[Saved entries]
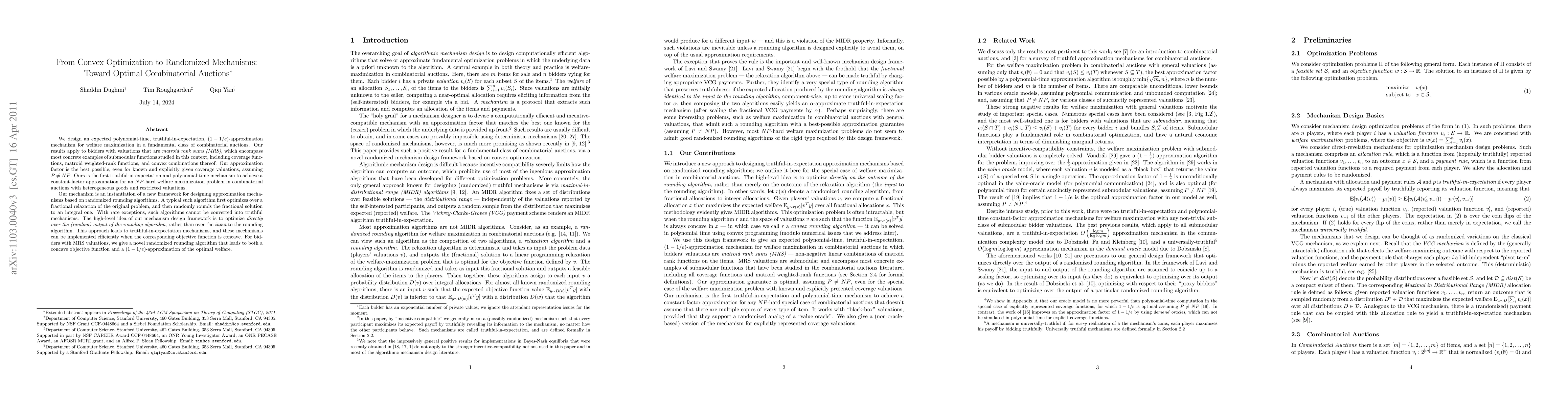 This paper presents a novel polynomial-time, truthful-in-expectation mechanism achieving a (1-1/e)-approximation for welfare maximization in combinatorial auctions with bidders having matroid rank sum valuations. The proposed framework optimizes over the output of randomized rounding algorithms, enabling efficient implementation and optimal approximation for NP-hard welfare maximization problems.
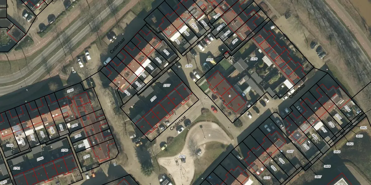 Het perceel waarop Cederlaar 88 staat heeft een oppervlakte van 825 m². Dit is een groot perceel. De perceeloppervlakte wordt geregistreerd door het Kadaster. Gedetailleerde informatie over de maten van dit perceel kunt u vinden in het rapport Kadastrale kaart met maatvoering van Cederlaar 88.
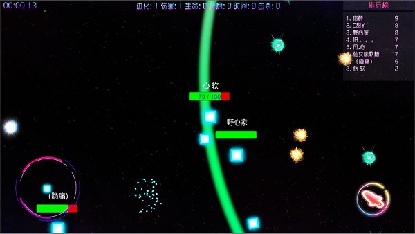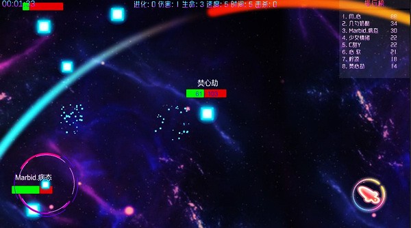 《元素之战》是一款挺有意思的休闲生存小游戏,画面和场景都很酷炫,玩法也很丰富。游戏中你可以操控自己的角色在无重力空间里移动、射击和进化,通过吞噬各种元素来增强实力,还能击退其他玩家的攻击,最后进入决赛圈争夺“元素之神”。游戏设计得很轻松,适合随时随地玩一把,特别是它的射击和击退系统让战斗更刺激。
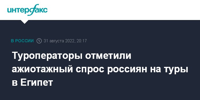 У туроператора TEZ Tour Египет занимает первое место по продажам, на осень и зиму на Египет приходится около 41% заявок. Компания продлила полетную программу на рейсах авиакомпании IFly из Самары, Казани и Санкт-Петербурга до 10 ноября, а из Москвы, Уфы, Екатеринбурга и Новосибирска до марта 2023 года.
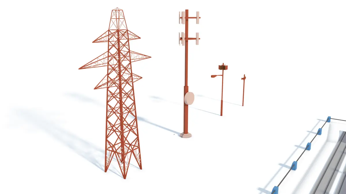 The above ground system also includes easily modified rails, high voltage lines, electrical line poles, cantilever supports, tunnels, an electrical tower, an electrical pole, and a small depot.The underground system includes a tunnel inset piece, guard rails, easily modified tracks with ninety degree bends, several building model designs, a wifi tower, and a 5G smart pole.
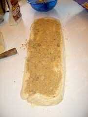 Mezcle 2 cucharadas de mantequilla derretida con la mezcla de azúcar morena-praliné (usted puede agregar sus propios ingredientes, como las nueces o higos) y se extendió uniformemente sobre el rectángulo. Desde el lado largo, la masa del rodillo y pellizcar los bordes para sellar.
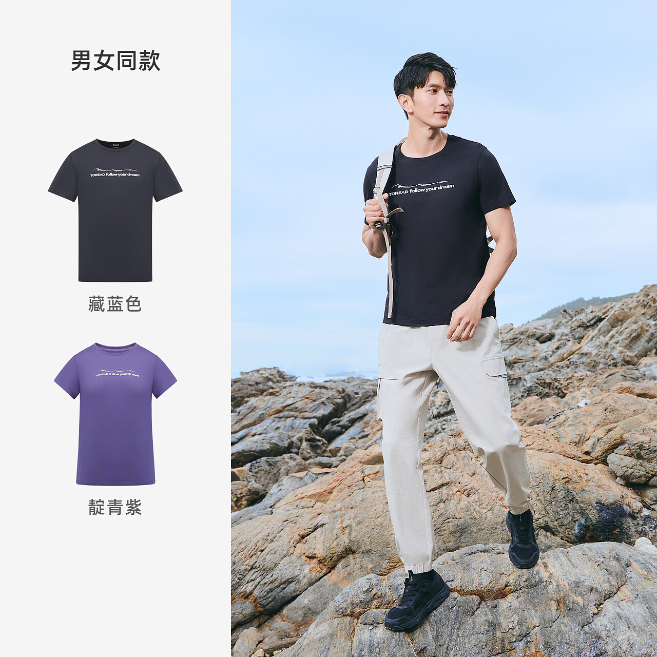 Pathfinder quick-drying T-shirt men and women spring and summer new outdoor couple models breathable elastic round neck short-sleeved TAJJ81750
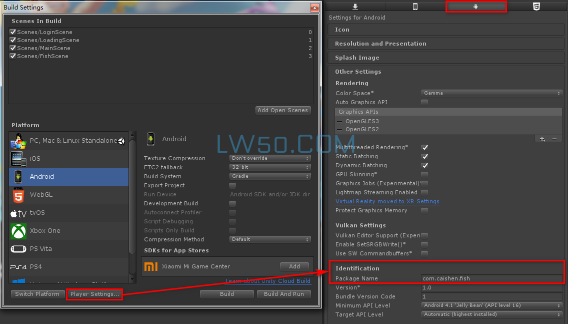 注意:安卓包的名称要与Unity工程中设置的包名保持一致。
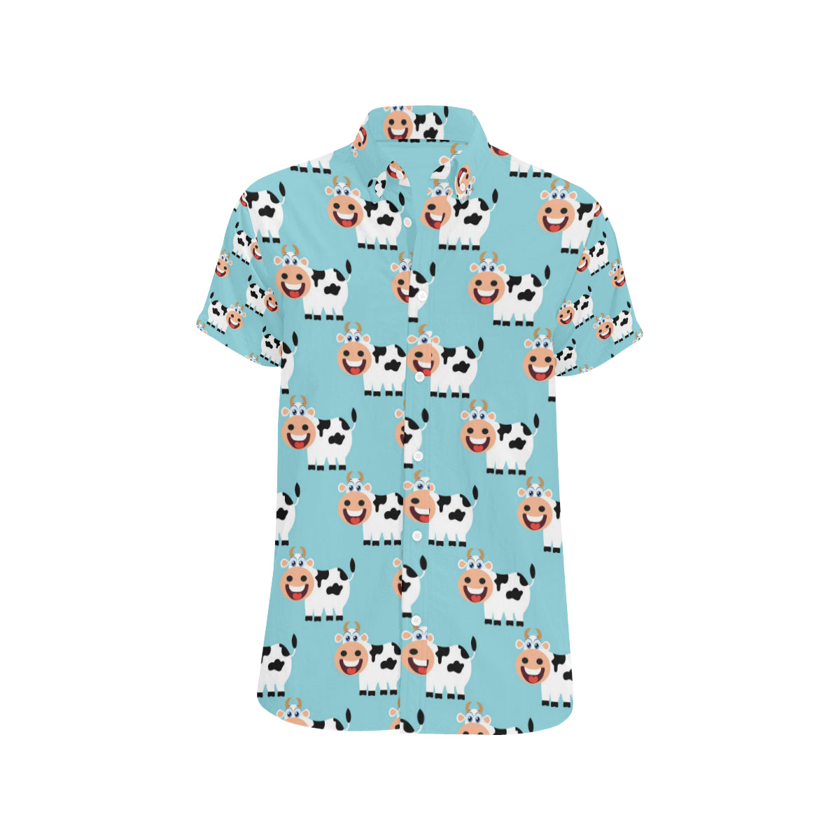 Cattle Cute Pattern Print Design 01 Men's Short Sleeve Button Up Shirt Made to Order Item. It is hand-cut and sewn just for your order! This process starts as soon as your order is placed and may have a processing time of 5-9 business days before it ships.
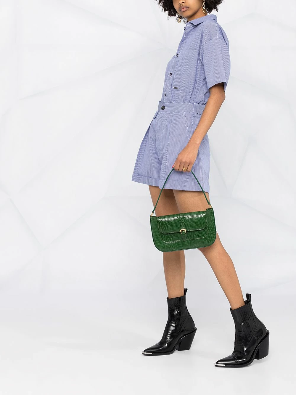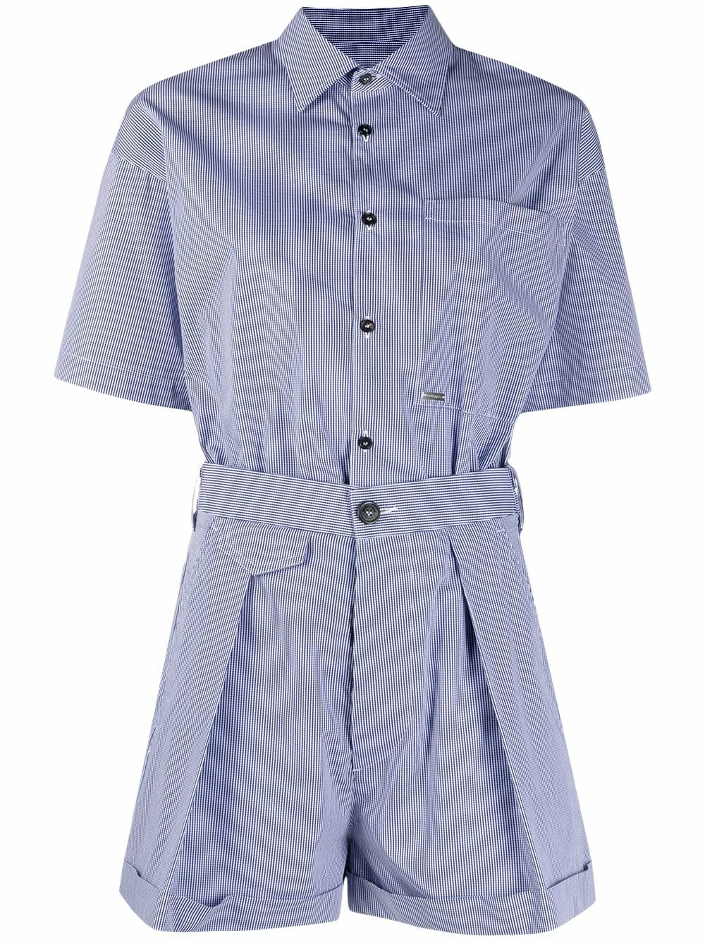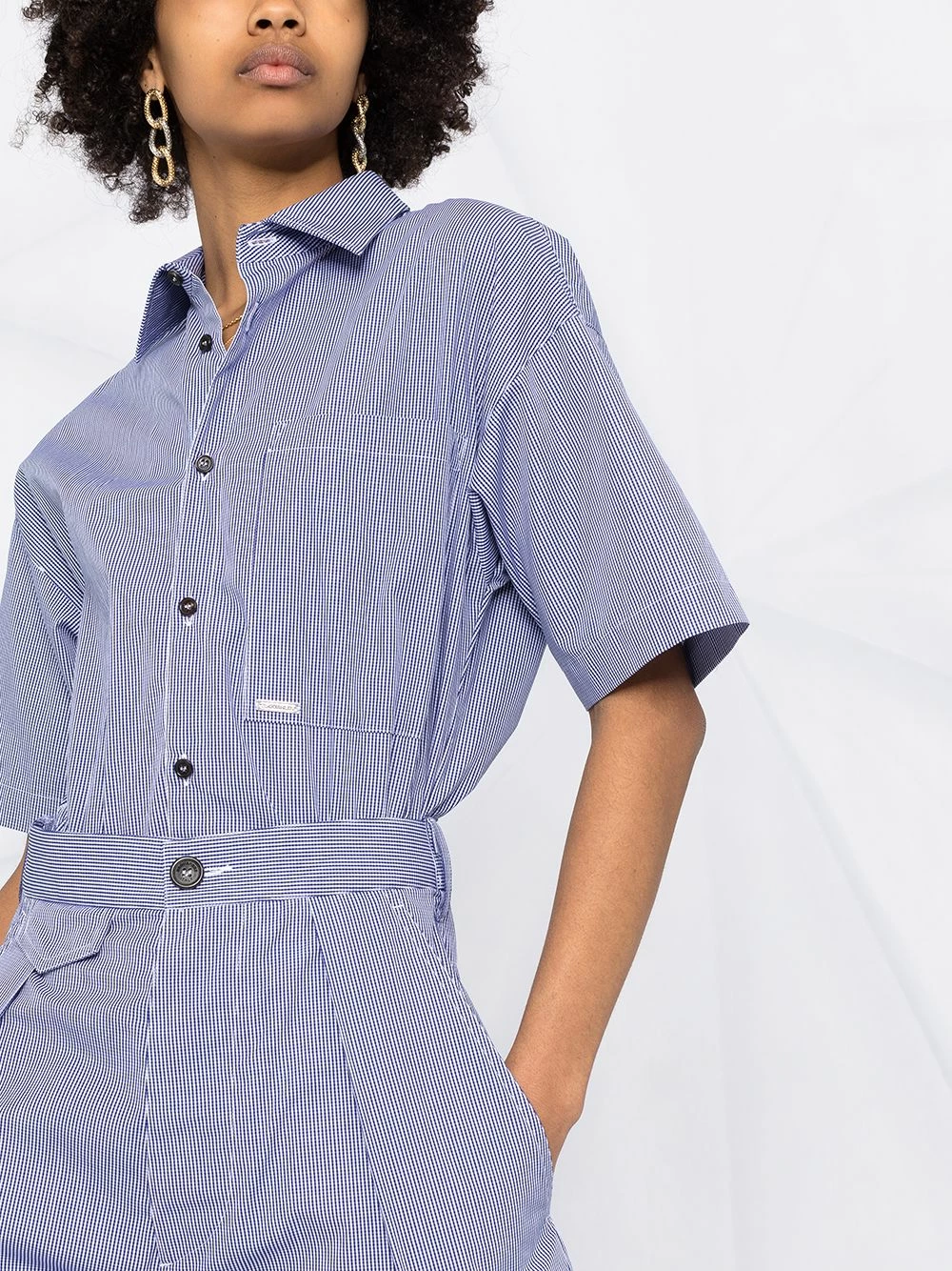 Imprimé à carreaux, col classique, boutonnière sur le devant, manches courtes, plaque logo, poche poitrine plaquée, détails de fronces, poche devant à rabat. Matière : coton.

▶ **YOUR OBJECTIVE**:
Retype only the lines above from the one with "Pathfinder quick-drying T-shirt" through the last, both ends included, keeping every picture out of the copy.

▶ **ANSWER FOR THIS EXERCISE**:
 Pathfinder quick-drying T-shirt men and women spring and summer new outdoor couple models breathable elastic round neck short-sleeved TAJJ81750
 注意:安卓包的名称要与Unity工程中设置的包名保持一致。
 Cattle Cute Pattern Print Design 01 Men's Short Sleeve Button Up Shirt Made to Order Item. It is hand-cut and sewn just for your order! This process starts as soon as your order is placed and may have a processing time of 5-9 business days before it ships.
 Imprimé à carreaux, col classique, boutonnière sur le devant, manches courtes, plaque logo, poche poitrine plaquée, détails de fronces, poche devant à rabat. Matière : coton.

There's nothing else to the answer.